||Development and Optimization of Deep Belief Networks Applied for Academic Performance Prediction with Larger Datasets
||(Phauk Sokkhey) ; (Takeo Okazaki)
|| Student performance; Deep learning; Restricted Boltzmann machine; Deep belief network; Feature selection; Hyperparameters; Regularization
||Deep learning has recently attracted increasing interest for several applications, and great progress has been made. This paper introduces a novel application of a deep learning framework called deep belief networks (DBNs) that can be used to predict the predicting academic performance of larger datasets. First, unsupervised training is considered a so-called pre-training section.

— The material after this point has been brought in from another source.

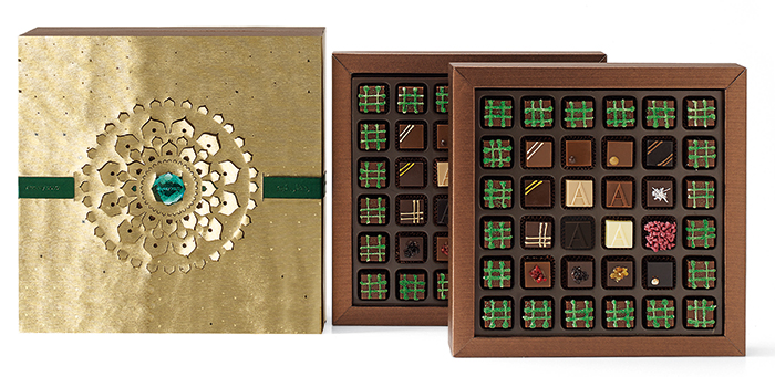与之相对的是推出不久的的2016秋冬季巧克力礼盒,外包装设计采用了斑斓的波西米亚风图案,灵感似乎与2017年 Giorgio Armani 2017 春夏季女装飘逸、梦幻的风格相对应。

The stacked restricted Boltzmann machine (RBM) was trained to obtain the trained weights instead of random initial weights. Subsequently, supervised learning was adopted using back-propagation in the fine-tuning section to classify the student performance levels. An optimization approach for improving the classification performance of the proposed DBN was proposed. The optimization approach consisted of using a feature selection method to obtain the optimal feature subset, optimizing the DBN model with the optimal values of the hyperparameters, and applying the L2-regularization method for weight decay. The experiment was carried out with two phases. Phase1 was implemented with an actual dataset. Phase 2 was then implemented with four artificial datasets of increasing sizes. Many experiments were performed independently on each dataset. With a larger dataset, the improved DBN generated the highest accuracy and lowest root mean square error with more accuracy and effectiveness than the other proposed algorithms.